# INSTRUCTIONS FOR THE TASK
The output should be the listing below, limited to the lines from the one with "호요버스가 22일 붕괴" through the one with "4、输入收到的短信验证码,点击继续。", exact and without pictures.

# EXTRACTED INFORMATION
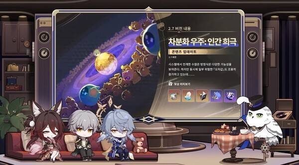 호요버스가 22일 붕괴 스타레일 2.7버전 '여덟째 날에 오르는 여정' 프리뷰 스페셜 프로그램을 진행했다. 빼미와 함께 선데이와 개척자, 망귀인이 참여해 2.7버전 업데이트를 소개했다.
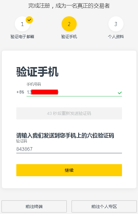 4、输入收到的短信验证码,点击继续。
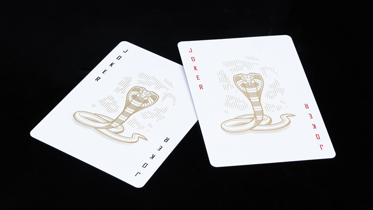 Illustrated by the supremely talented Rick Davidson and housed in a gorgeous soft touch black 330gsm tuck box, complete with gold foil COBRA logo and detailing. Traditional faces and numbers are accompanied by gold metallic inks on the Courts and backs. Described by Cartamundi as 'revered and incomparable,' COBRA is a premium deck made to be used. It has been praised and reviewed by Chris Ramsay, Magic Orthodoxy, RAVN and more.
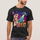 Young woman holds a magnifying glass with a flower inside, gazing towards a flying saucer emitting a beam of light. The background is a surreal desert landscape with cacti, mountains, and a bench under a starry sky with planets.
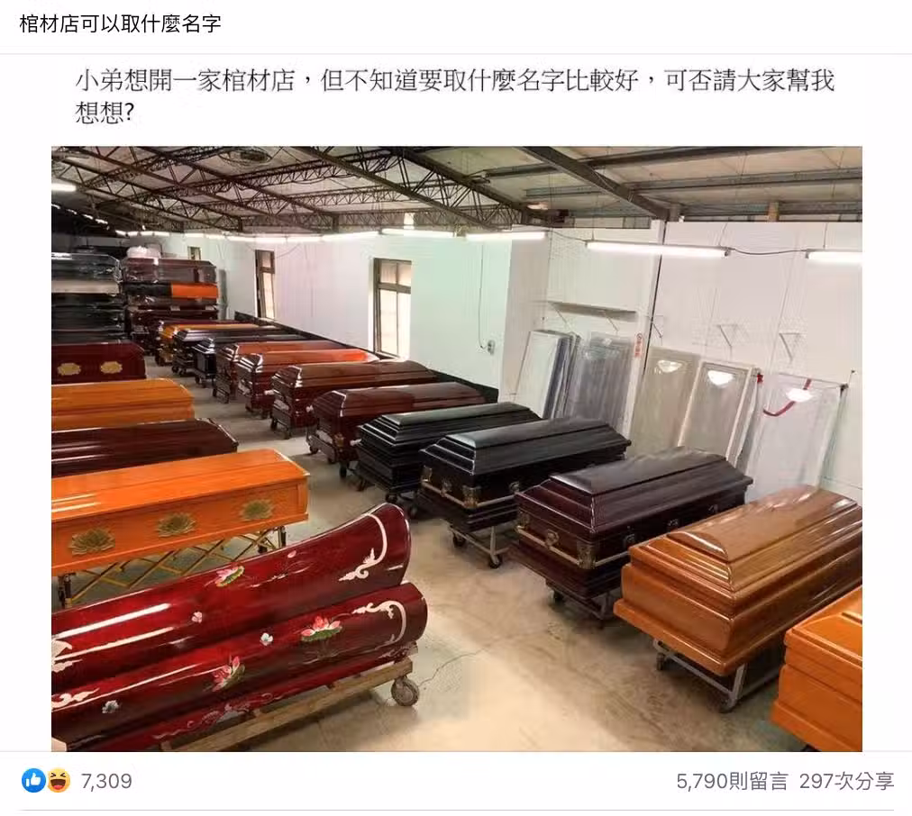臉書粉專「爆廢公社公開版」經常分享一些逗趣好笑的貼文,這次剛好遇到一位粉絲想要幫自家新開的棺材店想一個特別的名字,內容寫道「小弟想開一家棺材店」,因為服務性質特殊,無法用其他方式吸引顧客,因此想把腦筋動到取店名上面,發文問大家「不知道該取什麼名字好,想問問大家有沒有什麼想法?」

...

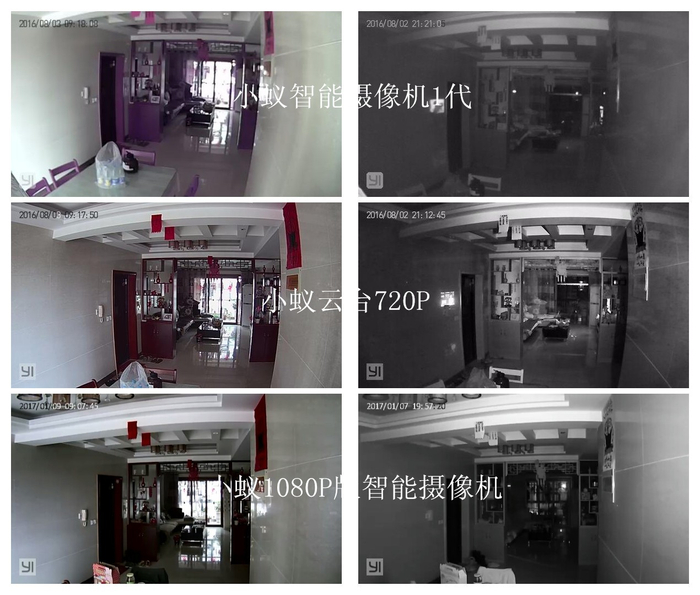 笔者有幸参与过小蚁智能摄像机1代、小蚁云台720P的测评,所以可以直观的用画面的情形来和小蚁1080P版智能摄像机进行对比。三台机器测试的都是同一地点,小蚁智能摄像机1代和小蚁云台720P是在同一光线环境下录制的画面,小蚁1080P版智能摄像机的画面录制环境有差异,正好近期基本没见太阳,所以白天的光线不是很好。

# RESPONSE FOR THIS EXERCISE
 호요버스가 22일 붕괴 스타레일 2.7버전 '여덟째 날에 오르는 여정' 프리뷰 스페셜 프로그램을 진행했다. 빼미와 함께 선데이와 개척자, 망귀인이 참여해 2.7버전 업데이트를 소개했다.
 4、输入收到的短信验证码,点击继续。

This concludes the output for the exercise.